YOUR INSTRUCTIONS ▸
Exactly retype the lines from the top of the data through the line containing "국가유산방문자여권 스탬프는 근정전", leaving out every picture.

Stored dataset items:
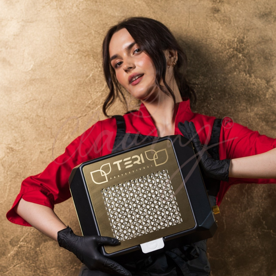 El Teri Diamond 90W es un aspirador profesional de sobremesa para manicura con diseño compacto, potencia extrema y un acabado premium en dorado y negro(tenemos variedades de colores REJILLA-DORADA,PLATA; PLASTICO-NEGRO,BLANCO) que eleva la estética de cualquier mesa de trabajo. Gracias a su filtro HEPA lavable, este aspirador garantiza una purificación del aire del 100 %, protegiendo tanto la salud del manicurista como la del cliente.
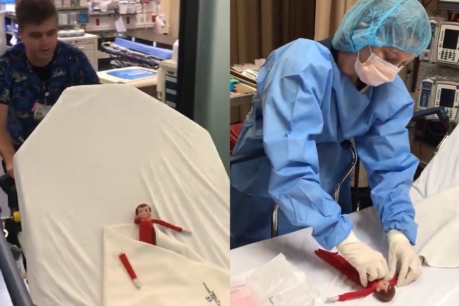 為了讓奧比莉繼續相信聖誕老人和精靈的故事,所有大人都一起幫忙,珍妮佛先是把Sam小心放在毯子上,送到醫院之後,立刻就出現一群專業的醫護人員推著病床,把重傷的Sam推到急診室,再由專業的醫生幫忙動縫合手術,手術前還拿出「神奇聖誕手套」(Magical Santa gloves),這段過程全被錄下來,好讓奧比莉確認她的精靈有接受治療。
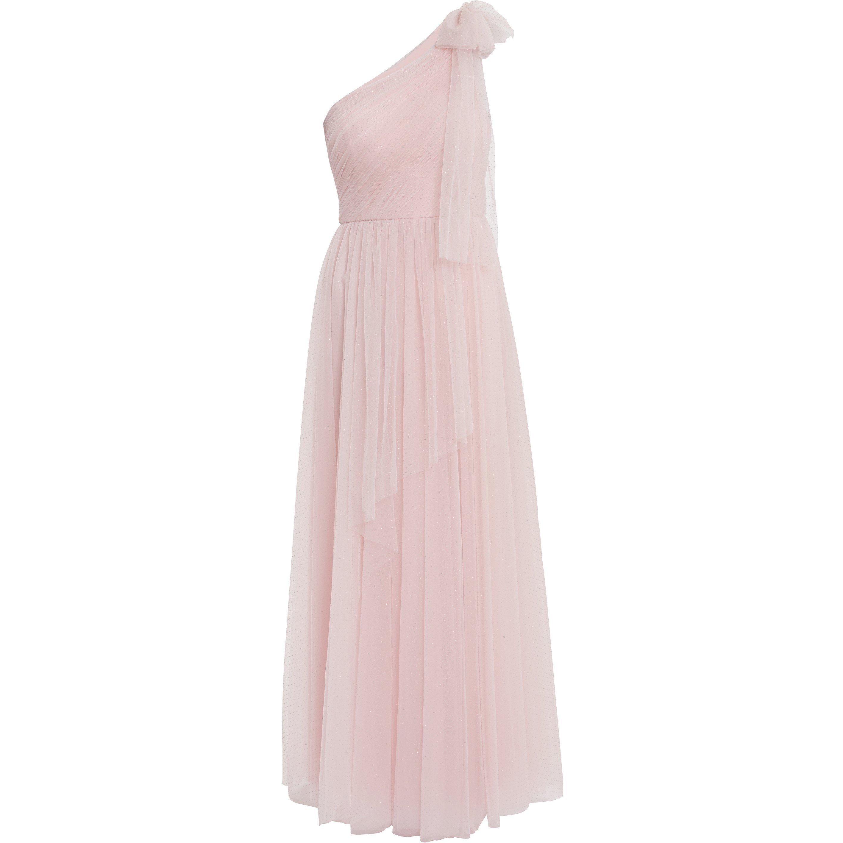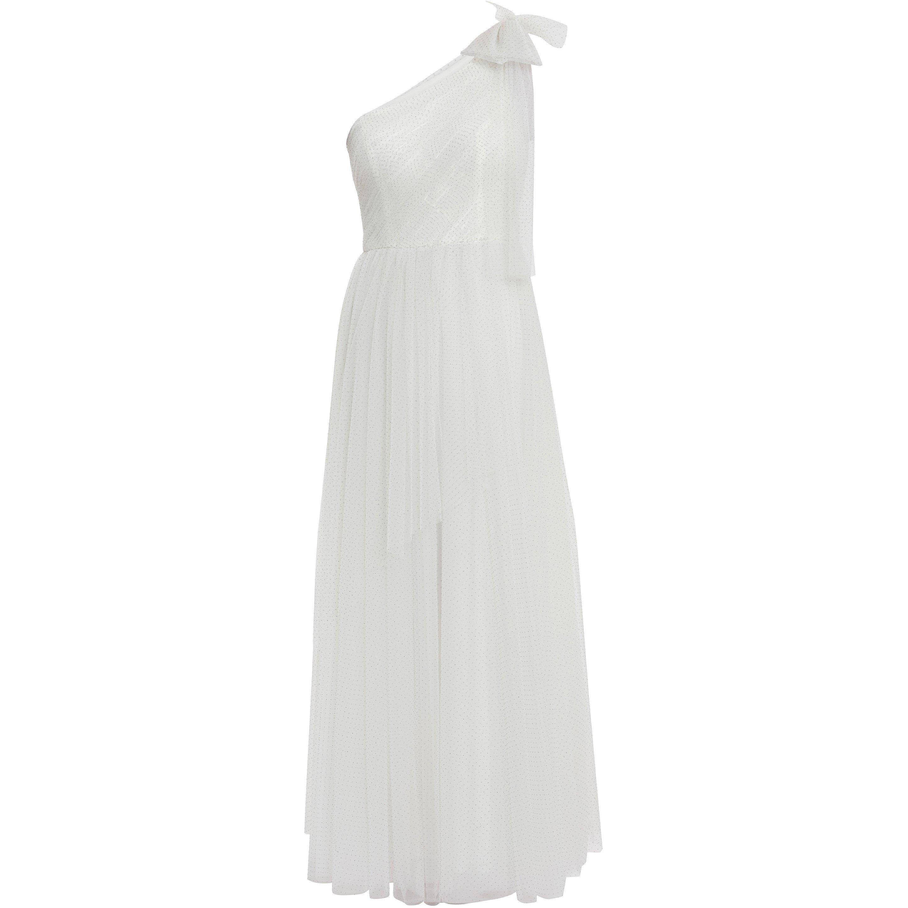 Dazzle everyone with this beautiful Gina Bacconi dress. This dress is fashioned from a metallic spot Tulle which flows gracefully as you move. The dress features a sultry one shoulder neckline with bow detailing on the shoulder for added elegance. The dress is fully lined and is fastened with a concealed side zip and hook and eye detailing.
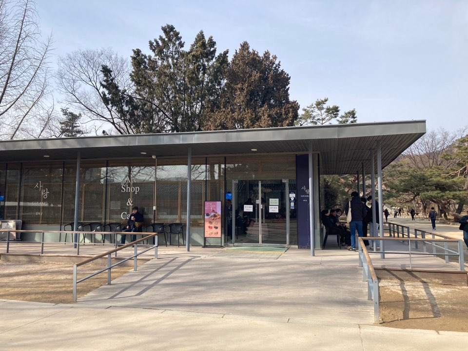 국가유산방문자여권 스탬프는 근정전 왼쪽의 수정전 앞에 위치한 사랑 카페 내부에 있습니다.
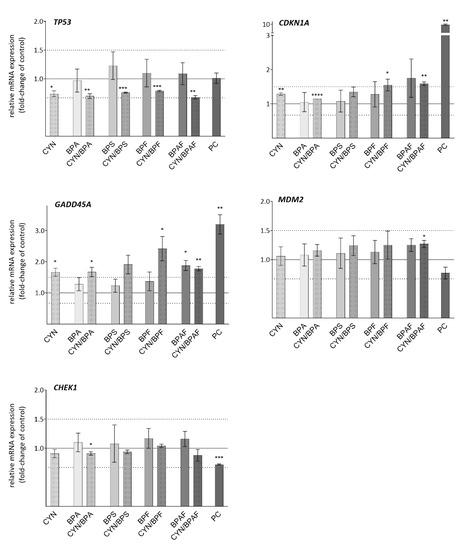 Deregulations of crucial DNA damage response genes (TP53, MDM2, GADD45A, CDKN1A), which were analyzed in the present study (Figure 4) are considered as molecular markers of genotoxic and carcinogenic stress [78,79,80,81,82]. The protein P53 plays a central role in the major DNA damage response pathways: the regulation of DNA damage repair, cell cycle progression, senescence, differentiation, and apoptosis [83]. In response to DNA damage, P53 protein is predominantly activated through its phosphorylation by DNA damage responsive kinases and, to a lesser extent, through the up-regulation of gene expression [84]. The expression of the tumor-suppressor gene, TP53, was not significantly altered by BPs exposure, whereas it was slightly (<1.5-fold) down-regulated by CYN and the CYN/BPs combinations. Previous studies on the expression of the TP53 gene reported that CYN [18,25,27] and BPs [46] did not influence TP53 expression in HepG2 cells. Our results indicate that the combined exposure to CYN/BPs does not affect the expression of this gene differently than exposure to CYN as a single compound.
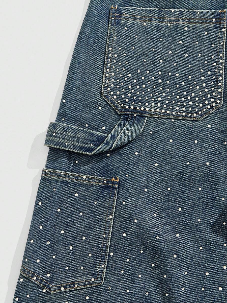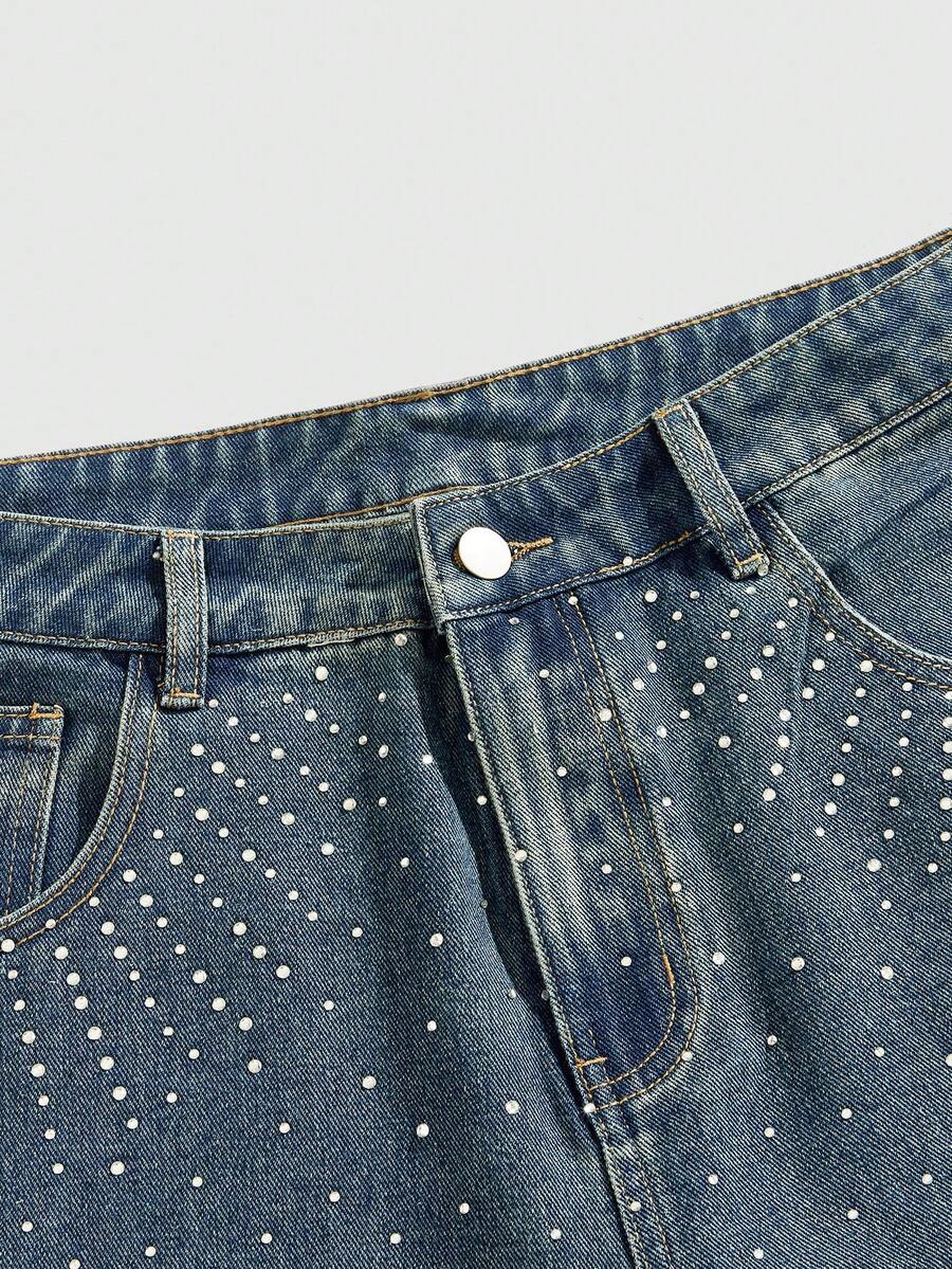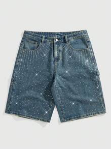 Street Life Men's Casual Washed Rhinestone Decorative Denim Shorts Jorts For Summer
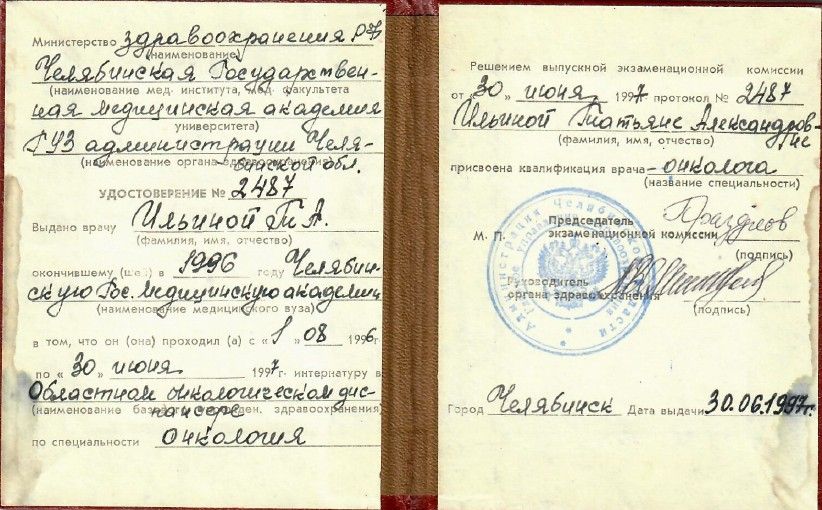 - 1997 год окончила интернатуру в Областном онкологическом диспенсере по специальности "Онкология", присвоена квалификация врача -онколога, Челябинск
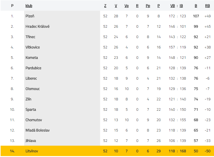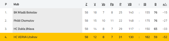 Letošní sezonu si určitě Verva představovala jinak. Zdvižený prst ukázala první čtvrtina soutěže, kdy Verva z dvanácti zápasů vyhrála pouze dva. Renomé si částečně spravila následnou sérií vyhraných pěti zápasů ze šesti. Druhou polovinu základní části by ale nejraději vymazali hráči z paměti. Vždyť ze 26 utkání vyhráli pouze šest! Přitom to na konci roku 2017 vypadalo dobře. Severočeši si drželi náskok devíti bodů na poslední Duklu. Jenže utkání v Jihlavě na začátku roku vše změnilo. Hosté nestáhli náskok Dukly, prohráli 4:5 a od té doby Jihlava bodovala častěji, nakonec skončila třináctá. Po 38. kole navíc přišla změna trenérů, vedení se rozhodlo odvolat Radima Rulíka, místo něj nastoupil legendární obránce přezdívaný „Guma“. Tedy nikdo jiný, než Jiří Šlégr. Rulík si našel angažmá ve Spartě, jako pravá ruka trenéra Výborného. Ani pod Šlégrem se Litvínovu nedařilo, sérii 14 zápasů bez výhry ukončila Benzina až v 47. kole doma proti Boleslavi. Play-out tak bylo fakticky formalitou. Litvínov jako jasný účastník baráže porazil dvakrát Jihlavu, jednou v derby Chomutov. V baráži je zatím „Cheza“ stoprocentní, doma porazila Vary 3:1, venku Kladno 2:1.
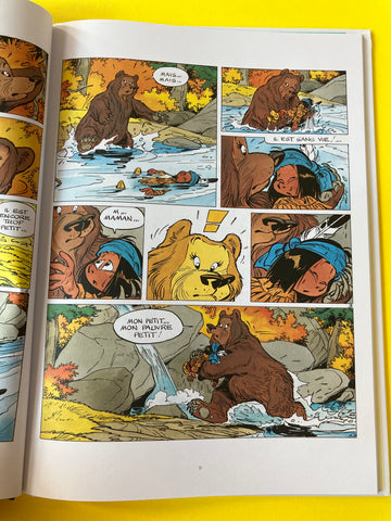N'écoutant que son coeur, Yakari tente de secourir un ourson en mauvaise posture sur un branche. Ils tombent tous deux dans les flots d'une rivière torrentueuse. Yakari se réveille, amnésique, dans les bras d'une ourse, la mère de l'ourson. Affreusement coupable de ne pas avoir été assez vigilante, la grande ourse prend le pauvre Yakari pour son fils Rayon-de-Miel. Elle impute ce changement d'apparence à l'esprit des ours, le Gros Noir des Forêts...
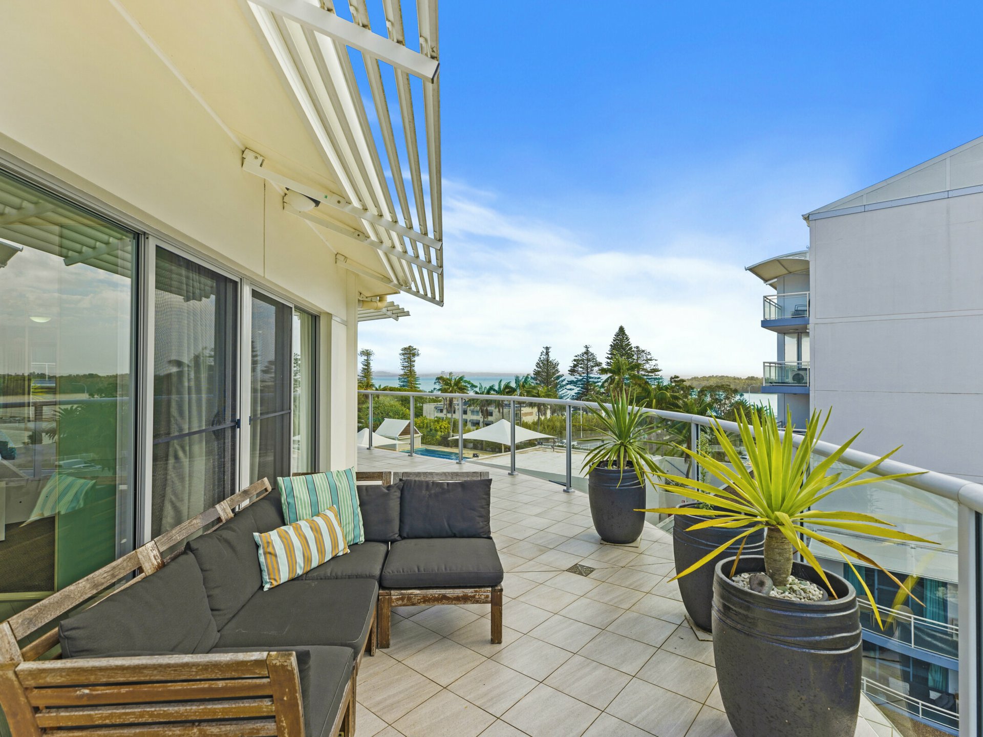 Boasting a coveted north-easterly aspect, the apartment captures gorgeous ocean, channel and lake views enjoying refreshing coastal breezes all year round.
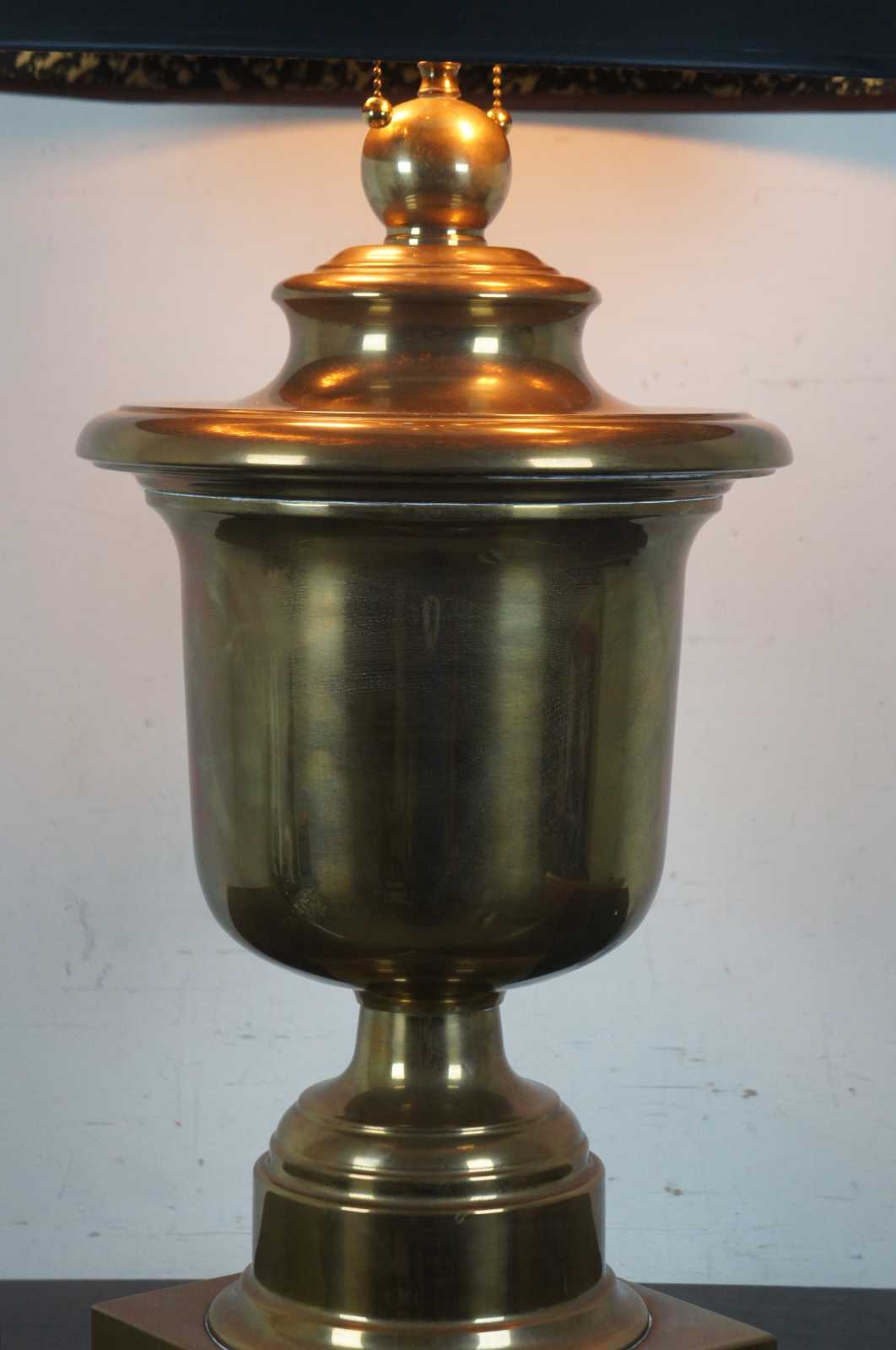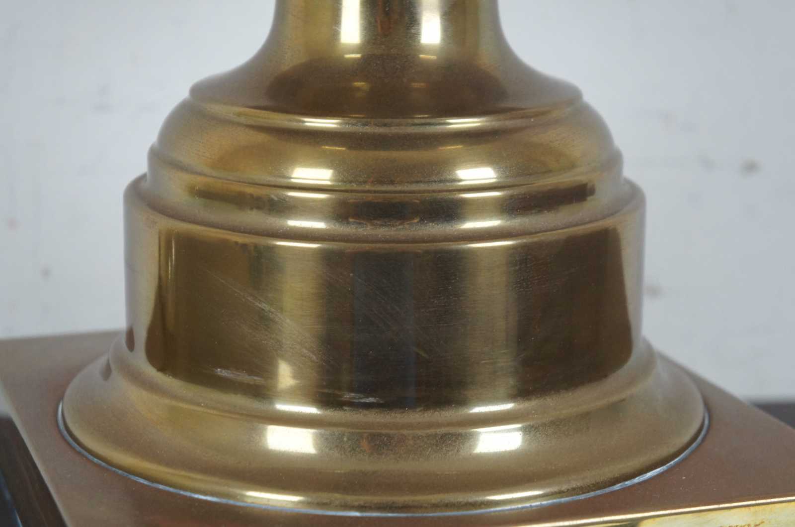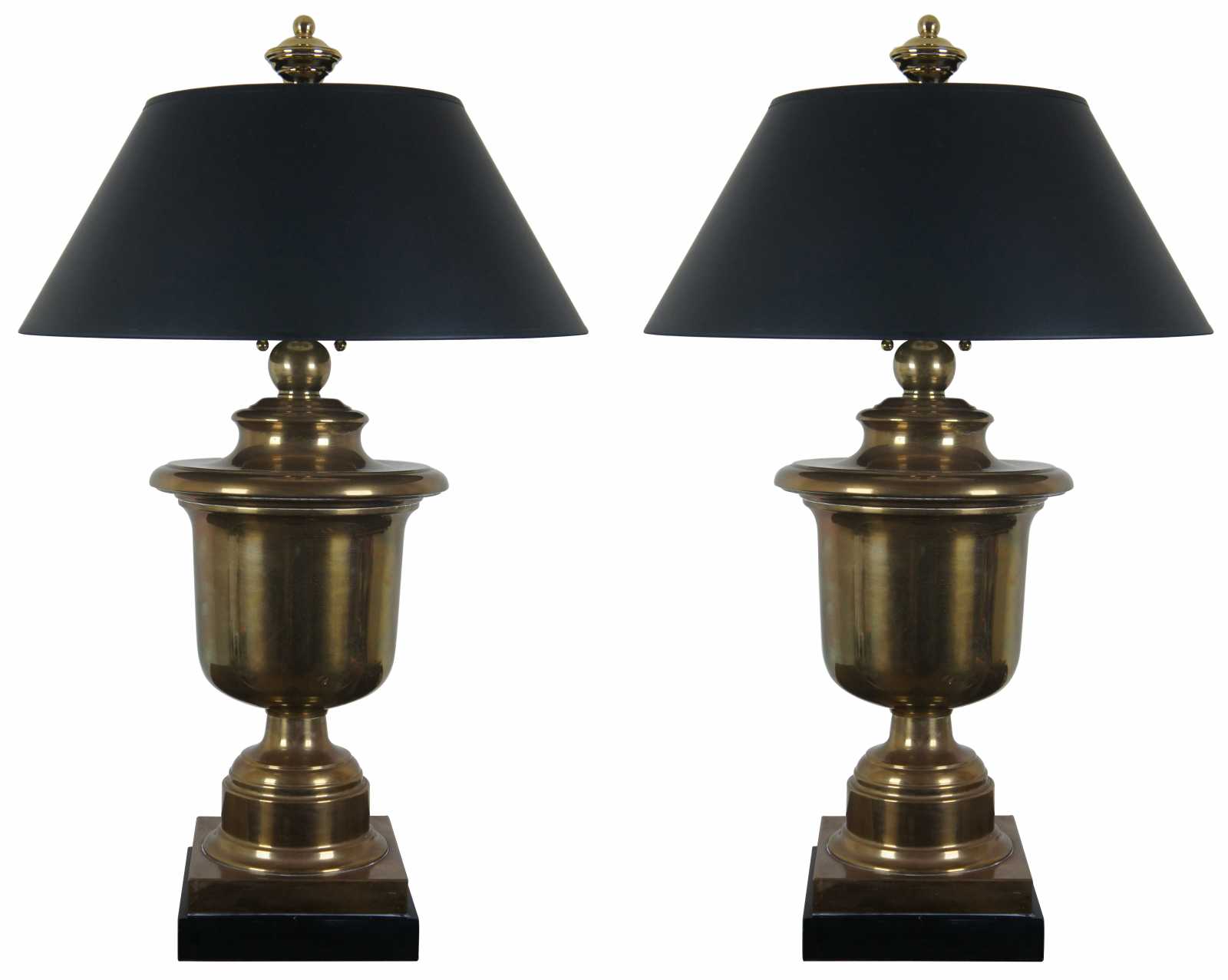 A classical yet regal design by Chapman. Made from brass with black tapered shades and foiled underside. A great addition to any setting. Prodcut # X5489A.

EXERCISE SOLUTION ▸
 El Teri Diamond 90W es un aspirador profesional de sobremesa para manicura con diseño compacto, potencia extrema y un acabado premium en dorado y negro(tenemos variedades de colores REJILLA-DORADA,PLATA; PLASTICO-NEGRO,BLANCO) que eleva la estética de cualquier mesa de trabajo. Gracias a su filtro HEPA lavable, este aspirador garantiza una purificación del aire del 100 %, protegiendo tanto la salud del manicurista como la del cliente.
 為了讓奧比莉繼續相信聖誕老人和精靈的故事,所有大人都一起幫忙,珍妮佛先是把Sam小心放在毯子上,送到醫院之後,立刻就出現一群專業的醫護人員推著病床,把重傷的Sam推到急診室,再由專業的醫生幫忙動縫合手術,手術前還拿出「神奇聖誕手套」(Magical Santa gloves),這段過程全被錄下來,好讓奧比莉確認她的精靈有接受治療。
 Dazzle everyone with this beautiful Gina Bacconi dress. This dress is fashioned from a metallic spot Tulle which flows gracefully as you move. The dress features a sultry one shoulder neckline with bow detailing on the shoulder for added elegance. The dress is fully lined and is fastened with a concealed side zip and hook and eye detailing.
 국가유산방문자여권 스탬프는 근정전 왼쪽의 수정전 앞에 위치한 사랑 카페 내부에 있습니다.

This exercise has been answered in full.